Dobrzeń Wielki –Rybna – Popielów – Dobrzeń
Wielki
(survival w części nadodrzańskiej)
Trasa (ok. 51km)
Trasa mogłaby być krótsza. Jednak
kilkukrotnie trzeba było zawracać, przenosić rower pomimo, że na mapach ścieżki
tam być powinny J.
W I-szej nadodrzańskiej części, trasa dla wytrwałych i „zapaleńców” do
najłatwiejszych nie należy a powiedziałbym, że do trudnych. Łatwiejszy dojazd
do Rybnej można zrealizować jadąc szosą do Popielowa, na skrzyżowaniu w lewo i
przy ostatnich zabudowaniach w prawo.
Wyjazd z
Osiedla nad Odrę. Przy sklepie „żelaznym” możemy odbić w prawo i polnymi
(przyzwoitymi, nawet asfaltowymi drogami) dotrzeć do Ostrówka. Jeżeli odbijemy
w lewo do elektrowni wodnej na jazie, to w początkowej fazie będzie równy
asfalcik, niestety od elektrowni musimy wjechać na wał i wzdłuż niego (już
gorszymi dróżkami polnymi dotrzeć do Ostrówka. Przekraczając drogę z Chróścic
do miejsca przeprawy przez Odrę udajemy się nadal wzdłuż wałów do Babiego Lasu.

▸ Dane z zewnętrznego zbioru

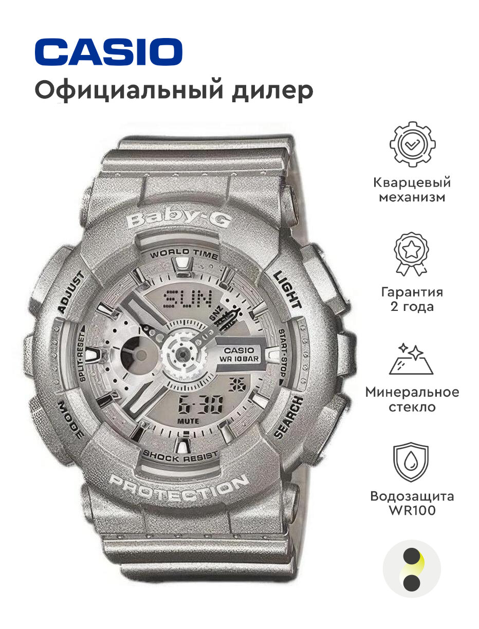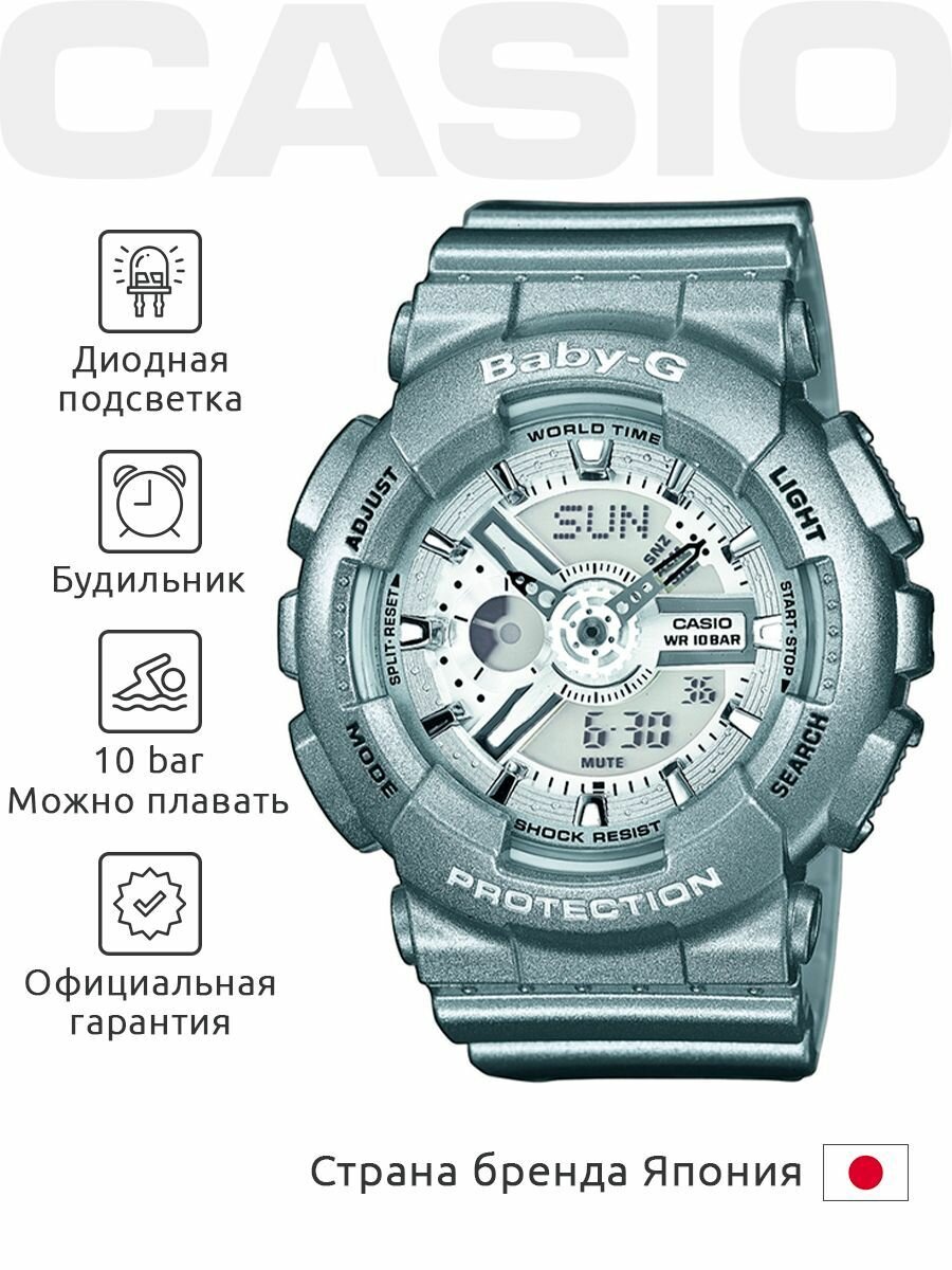 Наручные часы CASIO Baby-G BA-110-8A кварцевые, будильник, секундомер, таймер обратного отсчета, водонепроницаемые, противоударные, подсветка стрелок, подсветка дисплея, серый, серебристый интересное:

Tutaj niestety dróżki się gubią i jeżeli nie jesteśmy przygotowani na
ekstremalne pokonywanie trasy to zalecam powrót do Chróścic i drogą 457 dojazd
do Siołkowic Starych. Dojazd do kościoła w Siołkowicach a za nim lekkie odbicie
w prawo. Najpierw asfalt, potem ubita równa droga a na końcu „kocie łby” doprowadzą
nas do Odry.
Niestety droga polna dość mocno zarośnięta z dużymi koleinami i chociaż równa
to trzeba uważać. Od śluzy mamy troszkę równiejszej drogi, przecinając drogę
458 wjeżdżamy do Koloni Popielowskiej. Droga wśród pól ponownie nie najlepsza,
w niektórych momentach bardzo zła doprowadzi nas do Rybnej. Tutaj skręcamy w
lewo jadąc na koniec wsi po to aby drogą z płyt betonowych dojechac do śluzy
przy ujściu Nysy Kłodzkiej.
Po odpoczynku nad Odrą wracamy
do Rybnej, oglądając kościół
kierujemy się do drogi 457. Już
przy drodze głównej, kiedy wjedziemy do lasu, w osadzie Lewandówka, po prawej
stronie zobaczymy muzeum/skansen maszyn rolniczych.
Trzymając
się już tylko drogi 457 mijając Popielów, Siołkowice Stare i Chróścice
docieramy do Dobrzenia gdzie kończy się ten etap.
Droga wałami,
ścieżkami polnymi jest ciężka ale od czasu do czasu warto troszkę się pomęczyć
i zostawić wszystko w „tyle”. Zresztą nikt nie broni wybrać wariant asfaltowy z
niewielką domieszką utwardzonych dróg polnych :).